What is needed — In the entries below, print exactly the lines from the first through the one with "Pärast pikka päeva", both included, and none of the pictures.

Items from a dataset —
--
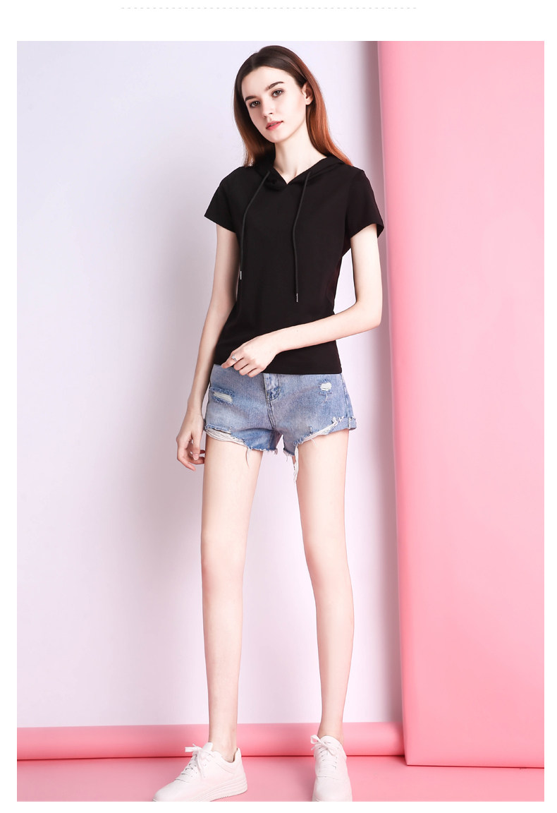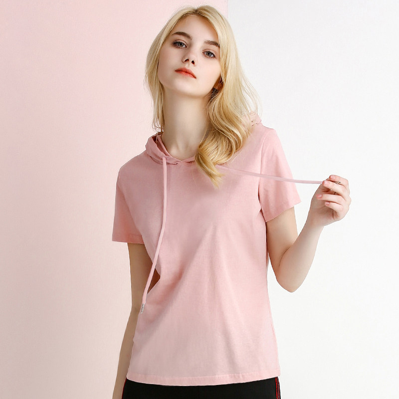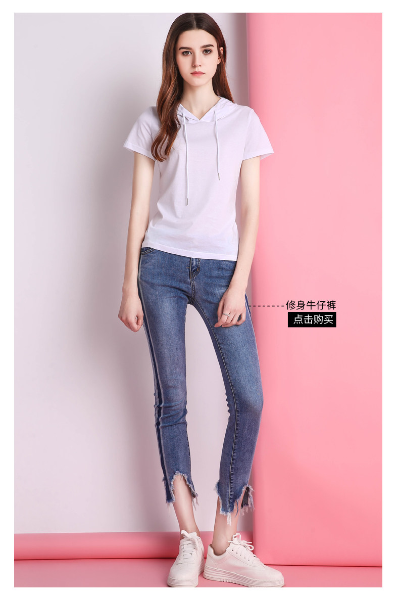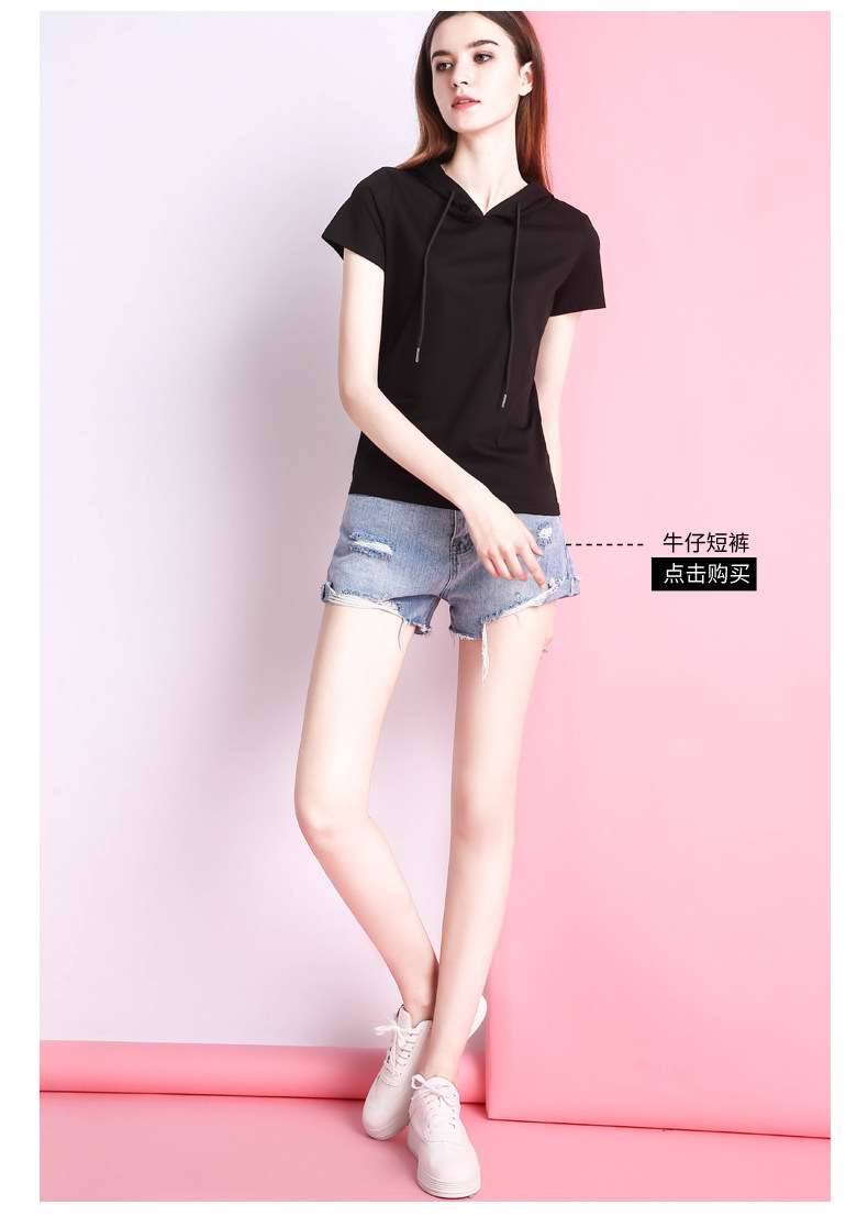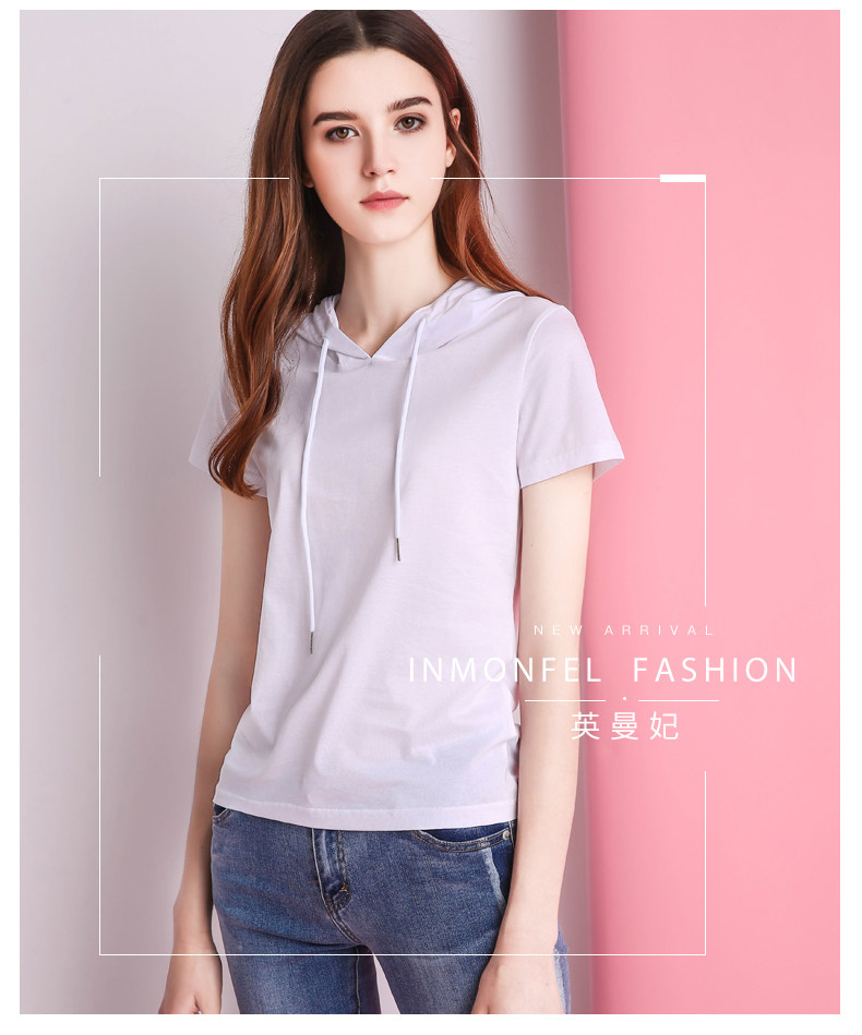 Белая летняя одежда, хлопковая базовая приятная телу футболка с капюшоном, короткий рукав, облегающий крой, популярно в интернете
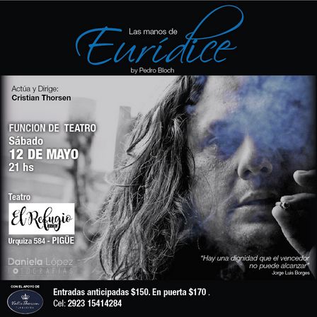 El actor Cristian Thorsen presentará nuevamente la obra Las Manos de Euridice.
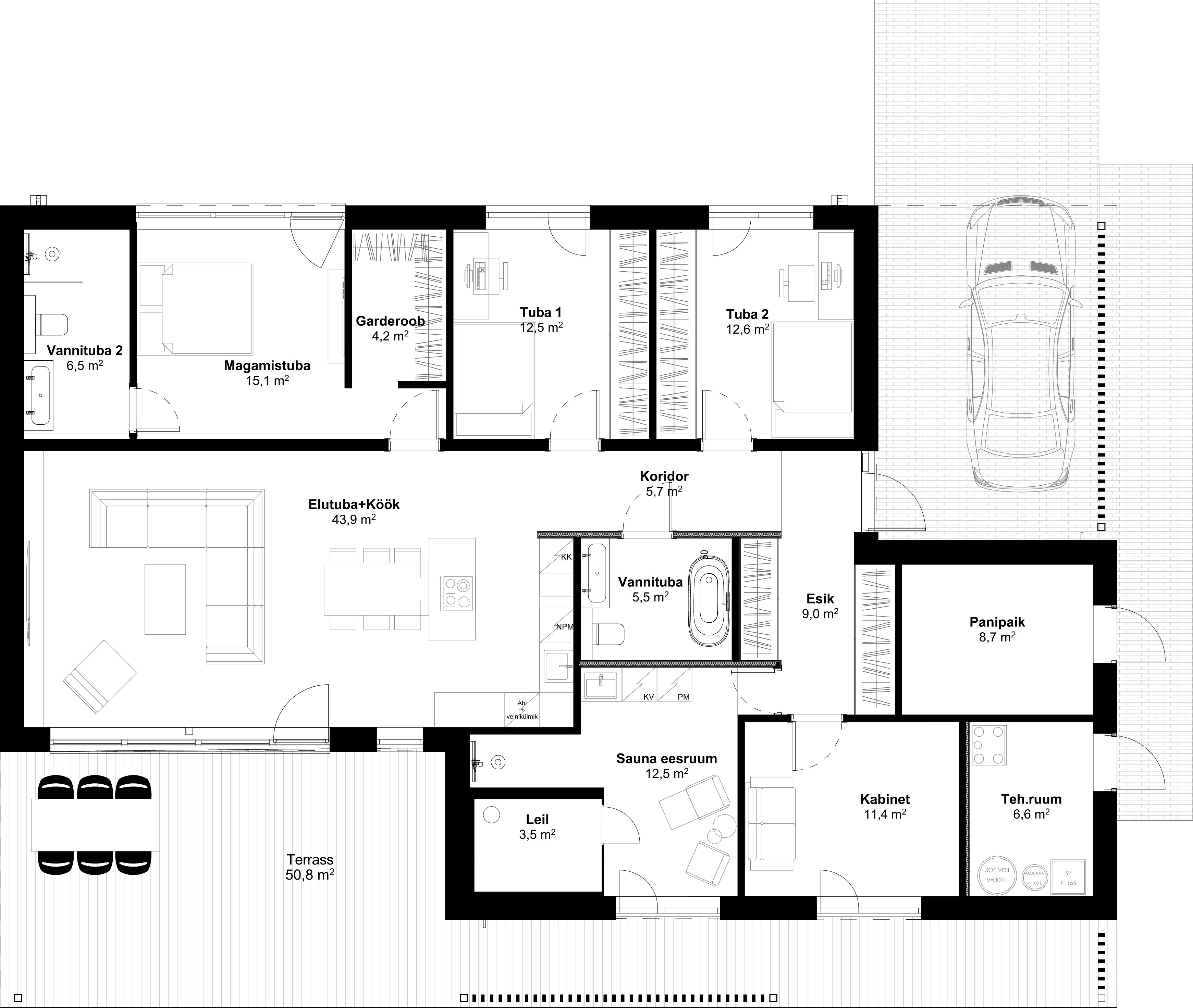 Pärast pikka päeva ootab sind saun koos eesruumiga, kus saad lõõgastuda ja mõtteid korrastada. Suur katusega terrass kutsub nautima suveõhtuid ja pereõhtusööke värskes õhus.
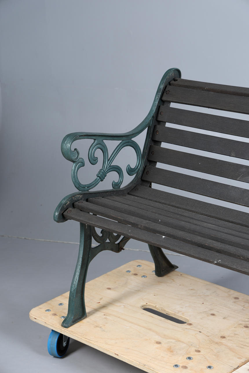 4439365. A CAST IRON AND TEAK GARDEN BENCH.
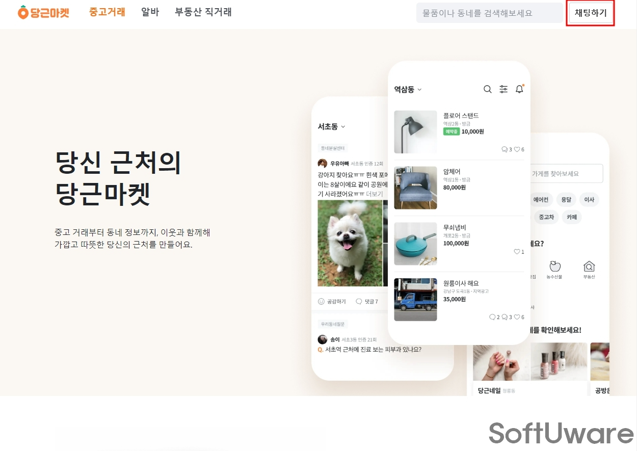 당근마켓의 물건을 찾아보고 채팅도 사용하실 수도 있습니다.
--
The completed task —
 Белая летняя одежда, хлопковая базовая приятная телу футболка с капюшоном, короткий рукав, облегающий крой, популярно в интернете
 El actor Cristian Thorsen presentará nuevamente la obra Las Manos de Euridice.
 Pärast pikka päeva ootab sind saun koos eesruumiga, kus saad lõõgastuda ja mõtteid korrastada. Suur katusega terrass kutsub nautima suveõhtuid ja pereõhtusööke värskes õhus.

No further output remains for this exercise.